*** Data below Section Begins ***
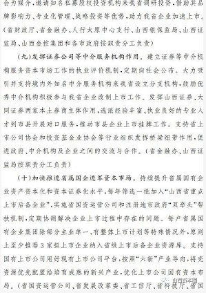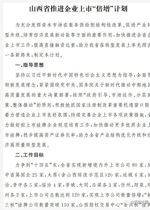 附《山西省推进企业上市“倍增”计划》和《山西省金融提振赶超行动方案》全文:
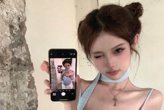 Scoop Neck Plain Bow Accent Crop Cami Top / High Rise Lace Panel Mini A
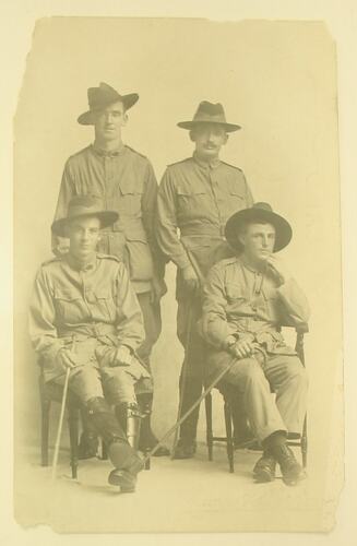 Postcard portrait of men in military uniform. Image depicts four men - two seated at the front, and two standing at the back. All men are wearing hats, and holding crops, and dressed in full military uniform.
*** Data below Section Ends ***
▶ [Exercise goal] Reproduce the lines of the listing exactly, starting at the one that contains "Scoop Neck Plain" and continuing through the final line, but leave out the pictures.

▶ [Answer]
 Scoop Neck Plain Bow Accent Crop Cami Top / High Rise Lace Panel Mini A
 Postcard portrait of men in military uniform. Image depicts four men - two seated at the front, and two standing at the back. All men are wearing hats, and holding crops, and dressed in full military uniform.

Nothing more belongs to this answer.